_MATERIAL TO PROCESS_:
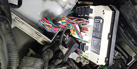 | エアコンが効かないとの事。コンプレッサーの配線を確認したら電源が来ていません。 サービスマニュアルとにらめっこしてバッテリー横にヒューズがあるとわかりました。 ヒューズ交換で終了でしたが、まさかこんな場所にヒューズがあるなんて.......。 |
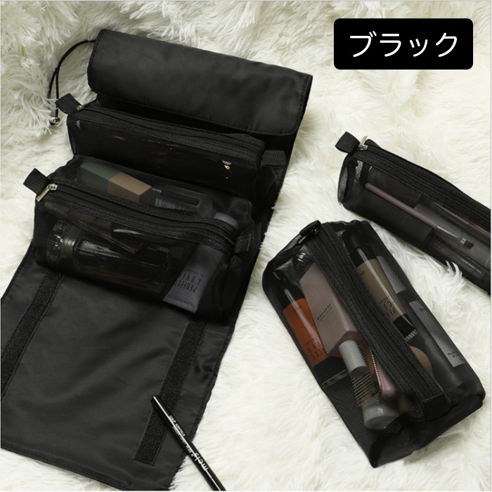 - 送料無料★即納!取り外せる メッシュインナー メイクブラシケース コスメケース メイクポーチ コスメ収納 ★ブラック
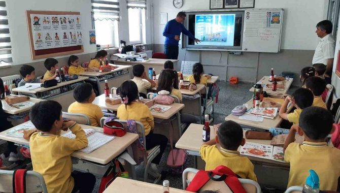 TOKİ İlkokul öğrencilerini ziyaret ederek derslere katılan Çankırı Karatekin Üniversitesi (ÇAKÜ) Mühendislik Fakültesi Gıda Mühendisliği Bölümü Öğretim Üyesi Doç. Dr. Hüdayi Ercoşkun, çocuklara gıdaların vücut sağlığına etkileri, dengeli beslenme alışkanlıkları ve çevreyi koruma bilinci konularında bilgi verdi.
---
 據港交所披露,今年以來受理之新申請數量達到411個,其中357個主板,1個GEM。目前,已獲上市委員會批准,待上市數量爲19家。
==
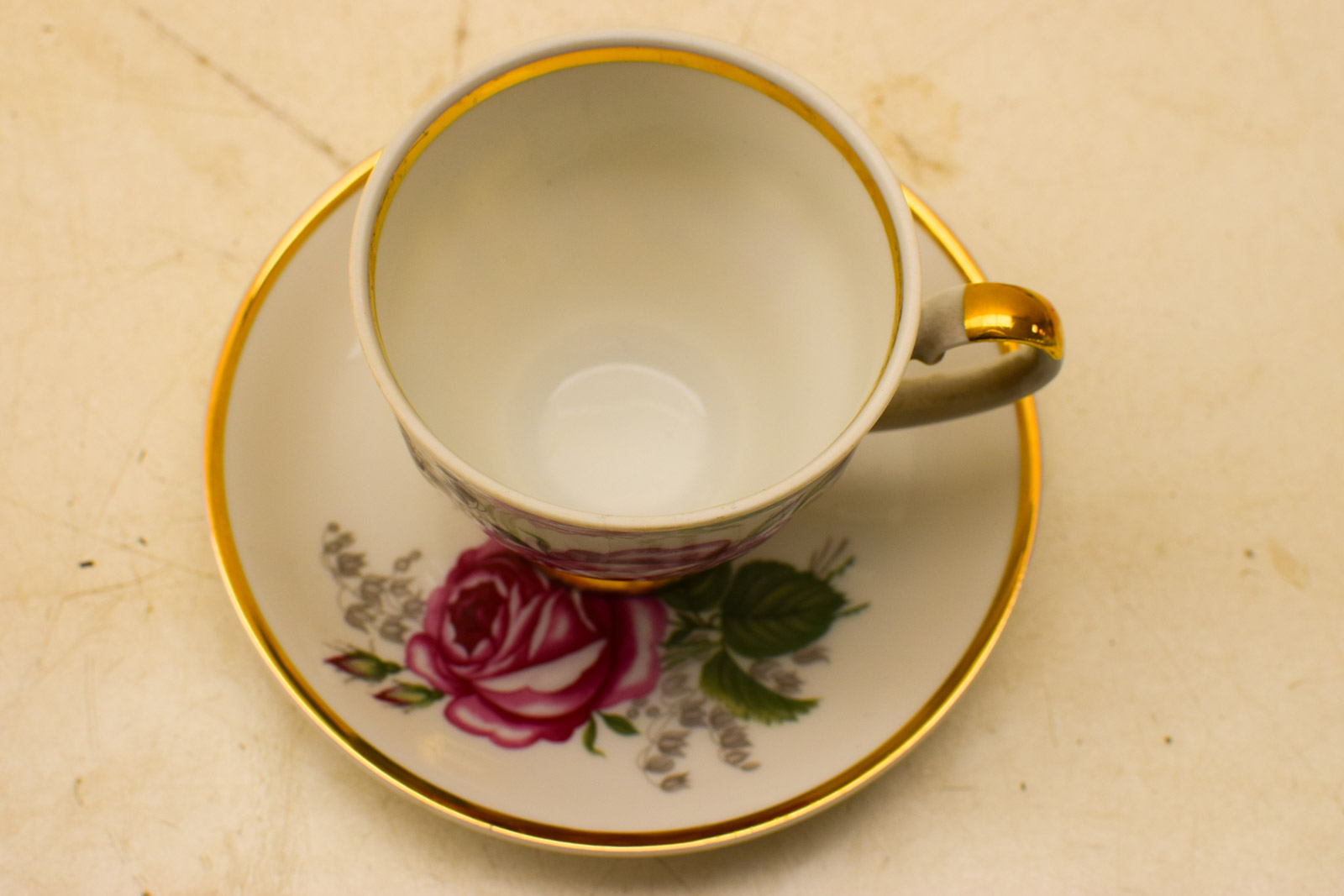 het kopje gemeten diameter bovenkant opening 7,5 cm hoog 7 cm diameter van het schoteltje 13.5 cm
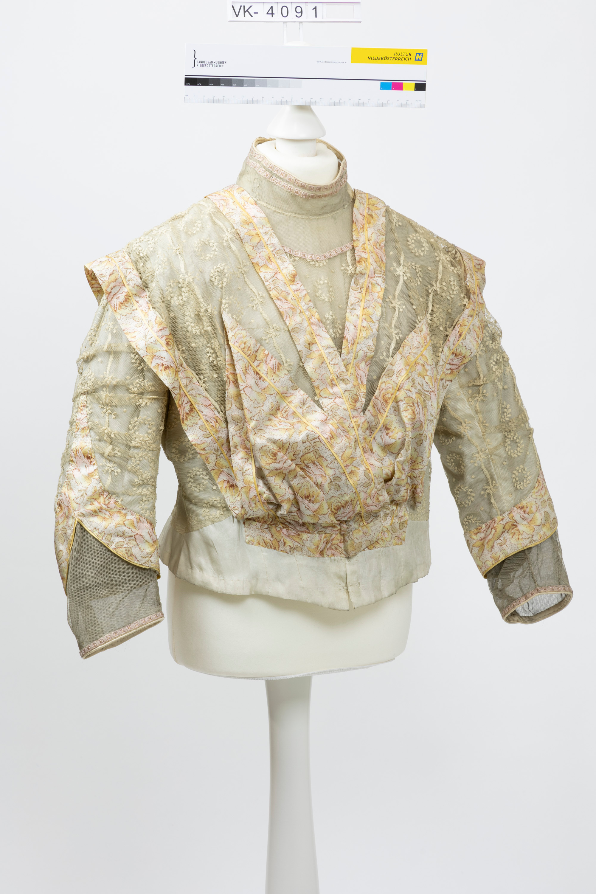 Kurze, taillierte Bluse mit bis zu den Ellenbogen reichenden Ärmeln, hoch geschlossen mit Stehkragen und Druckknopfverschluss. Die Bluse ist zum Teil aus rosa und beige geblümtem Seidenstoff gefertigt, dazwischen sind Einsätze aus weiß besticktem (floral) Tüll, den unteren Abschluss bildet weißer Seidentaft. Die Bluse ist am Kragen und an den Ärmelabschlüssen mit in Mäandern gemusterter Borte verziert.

_PROMPT_:
Starting at the line above that holds "- 送料無料★即納!取り外せる メッシュインナー", return each line up to and including the one that holds "TOKİ İlkokul öğrencilerini", exactly as written, minus any pictures.

_RESPONSE AREA_:
 - 送料無料★即納!取り外せる メッシュインナー メイクブラシケース コスメケース メイクポーチ コスメ収納 ★ブラック
 TOKİ İlkokul öğrencilerini ziyaret ederek derslere katılan Çankırı Karatekin Üniversitesi (ÇAKÜ) Mühendislik Fakültesi Gıda Mühendisliği Bölümü Öğretim Üyesi Doç. Dr. Hüdayi Ercoşkun, çocuklara gıdaların vücut sağlığına etkileri, dengeli beslenme alışkanlıkları ve çevreyi koruma bilinci konularında bilgi verdi.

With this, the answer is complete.